▶ DATA EXCERPT:
= Beginning of Section =

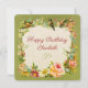 tarjeta de aves y flores verdes retro de cumpleaño
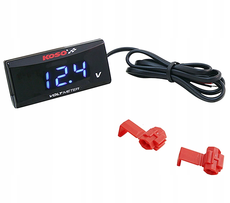 KOSO LCD LED ТОНКИЙ ВОЛЬТМЕТР ЦИФРОВОЙ ИЗМЕРИТЕЛЬ НАПРЯЖЕНИЯ МОТОЦИКЛ СИНИЙ
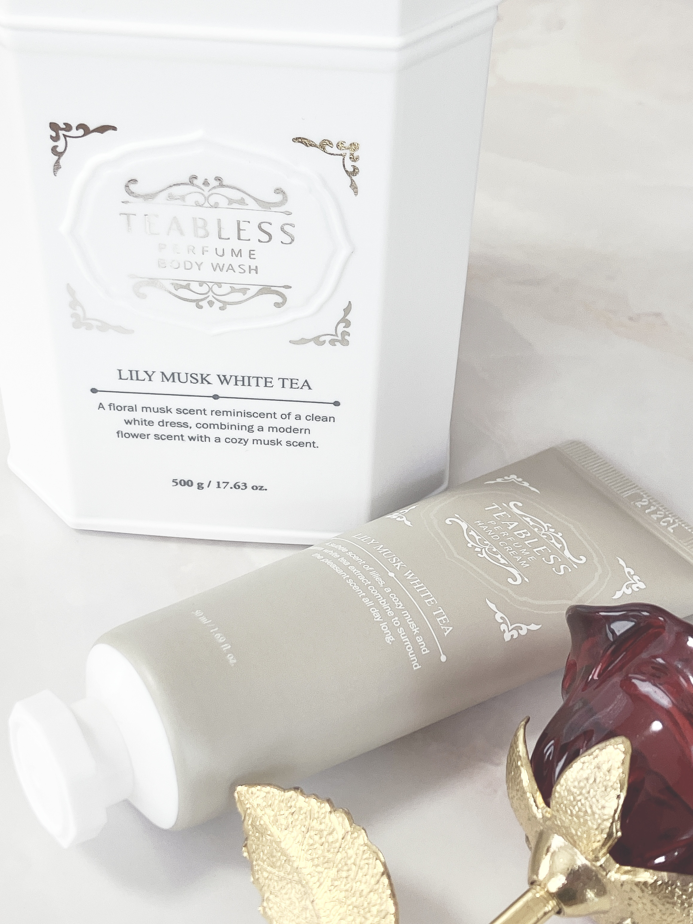 ティーパフュームスキンケア🫖🍂✨ ホワイトティーパフュームボディソープ&ボディローション フローラルムスクの高級感のある香り🤍✨ 白茶原物配合で刺激のないマイルドなスクラブ効果あり🫧 豊富なカテキンを詰め込んだ白茶原物と英国セラミド配合で保湿力◎ 肌と心をリラクシング✨ 肌低刺激テストを完了しており敏感肌さんも安心して使えます ビーガン認証済み

= End of Section =

▶ WORK TO BE COMPLETED:
Reproduce the listing word for word. Do not carry over the pictures.

▶ RESPONSE:
 tarjeta de aves y flores verdes retro de cumpleaño
 KOSO LCD LED ТОНКИЙ ВОЛЬТМЕТР ЦИФРОВОЙ ИЗМЕРИТЕЛЬ НАПРЯЖЕНИЯ МОТОЦИКЛ СИНИЙ
 ティーパフュームスキンケア🫖🍂✨ ホワイトティーパフュームボディソープ&ボディローション フローラルムスクの高級感のある香り🤍✨ 白茶原物配合で刺激のないマイルドなスクラブ効果あり🫧 豊富なカテキンを詰め込んだ白茶原物と英国セラミド配合で保湿力◎ 肌と心をリラクシング✨ 肌低刺激テストを完了しており敏感肌さんも安心して使えます ビーガン認証済み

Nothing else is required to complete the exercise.